Tuesday, 17 February 2009

FINANCIAL TIMES   17.2.09
A limp excuse for a Tory foreign policy
By Philip Stephens


Such has been the Conservatives' distance from power in recent years, 
no one has paid much heed to the party's foreign policy. Now the 
opinion polls tell a different story. By the middle of next year 
David Cameron could be Britain's prime minister. The Conservative 
leader's view of the world suddenly matters. The snag is that I am 
not at all sure that Mr Cameron has a foreign policy.

Let me correct that slightly. On one thing, everyone can agree: the 
Tories do not much like the European Union. This euroscepticism has 
been slightly more muted of late.

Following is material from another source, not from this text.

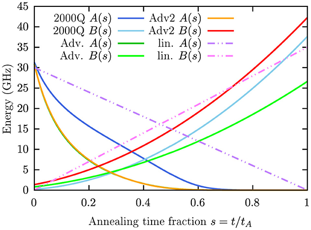 numerically, where |ψ(t)〉 denotes the state vector. For this, we use the Suzuki-Trotter product-formula algorithm (Trotter, 1959; Suzuki, 1976, 1985; De Raedt, 1987; Huyghebaert and De Raedt, 1990). This method yields a full state vector simulation of an ideal, closed system, i.e., we have direct access to the theoretical success probability, and we do not need to acquire an estimate from sampling. For the decomposition of the Hamiltonian, we use (t) = A(t/tA)0+B(t/tA)f, with A(s = t/tA) and B(s = t/tA) either linear annealing schedules or the annealing functions of the particular D-Wave processor that we simulate. All annealing schedules are shown in Figure 2, and 0 and f are given in Equations (1, 2), respectively.

But for many in the party, 
hostility to European integration remains the issue that most clearly 
defines their politics.

The antagonism has crystallised in vehement opposition to the EU's 
troubled Lisbon treaty. Mr Cameron will thus fight this summer's 
elections to the European parliament on a pledge to hold a referendum 
on the treaty. He also intends to withdraw the Conservatives from the 
European People's party, the loose coalition of centre-right parties 
in the Strasbourg parliament.

Were Mr Cameron to reach 10 Downing Street before the Lisbon treaty 
had been ratified by all of the other 26 EU member states, he would 
urge British voters to reject it.

It seems an odd proposition for a prospective government to advocate 
a plebiscite on an agreement it abhors - why not promise to cross out 
Britain's signature on the treaty? [Precisely because Camereon wants 
to be sure nobody can ever question the people's wish not to have any 
deeper involvement wit the EU -cs]  But Mr Cameron is hooked on a 
referendum. Either way, he sees the latest plans to strengthen the 
cohesion of the EU as an assault on British sovereignty.

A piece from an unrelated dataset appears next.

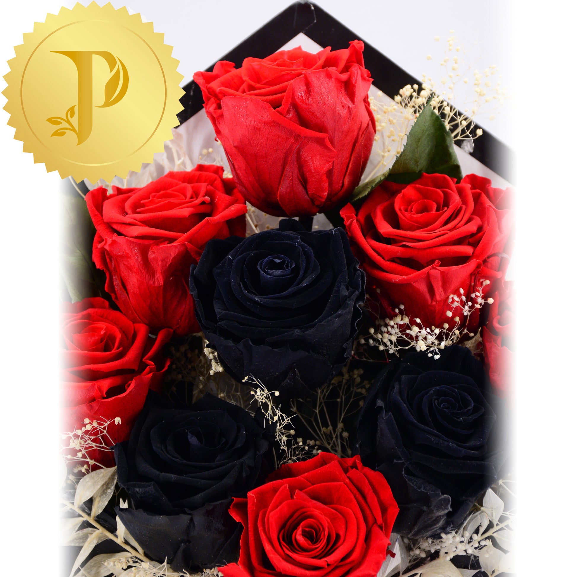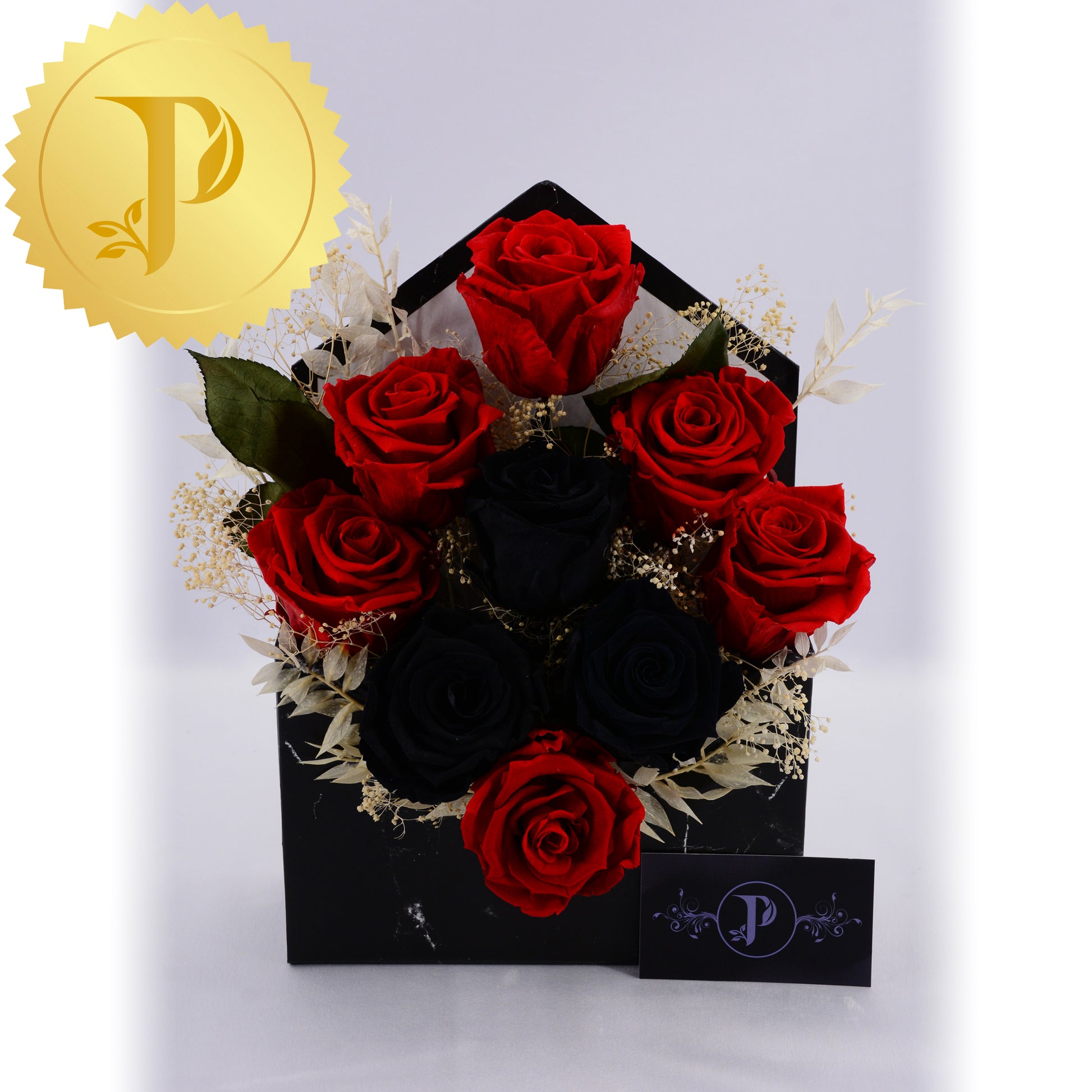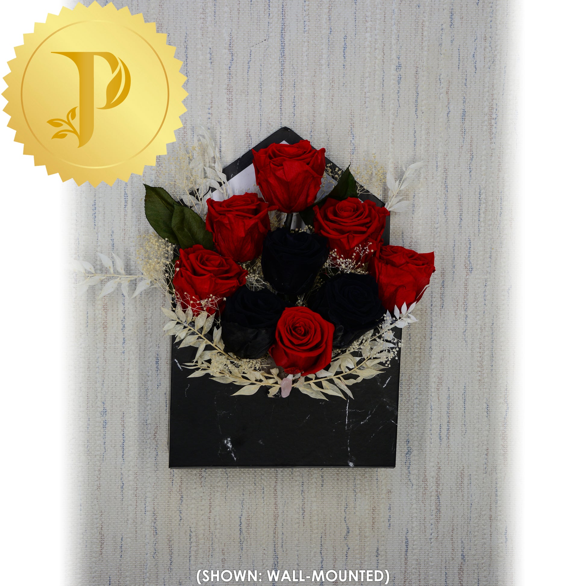 Convey a sweet message of love and friendship with this cute, marbleized envelope design. A combination of nine black and red roses will add a dramatic look to any room. This delightful arrangement is also suitable for hanging (picture hanger included).

Things could get complicated were Ireland to vote Yes to Lisbon when 
it holds a second referendum later this year. The treaty might then 
enter into force before a British election. If that happened, Mr 
Cameron says, he would "not let matters rest". What this last cryptic 
phrase actually means, no one knows. I once asked Mr Cameron. I 
received what you might call a non-answer. William Hague, who as 
shadow foreign secretary is still more eurosceptic than his leader, 
has hinted that there could be a renegotiation of Britain's wider 
treaty obligations - diluting, in particular, the EU's social 
dimension. Some Tory MPs see a more fundamental reappraisal as the 
route to eventual withdrawal.

On the other hand, Mr Cameron's recent decision to recall to the 
shadow cabinet the fiercely pro-European Kenneth Clarke could be 
interpreted as a sign he has begun to consider the realities of 
power. It is easy to be obsessive about Europe in opposition. Prime 
ministers have to work with their European colleagues. After 13 years 
in the wilderness of opposition, would a Tory government really want 
to devote its first years in office to a fight with Britain's 
partners? The voters, battered by recession, might not take kindly to 
such a diversion.

It would be a fight. Mr Cameron has recently sought warmer ties with 
Germany's Angela Merkel and France's Nicolas Sarkozy. The chill, 
though, will return if he withdraws the Conservatives from the EPP. 
An attempt to overturn Lisbon would put relations into the deep freeze.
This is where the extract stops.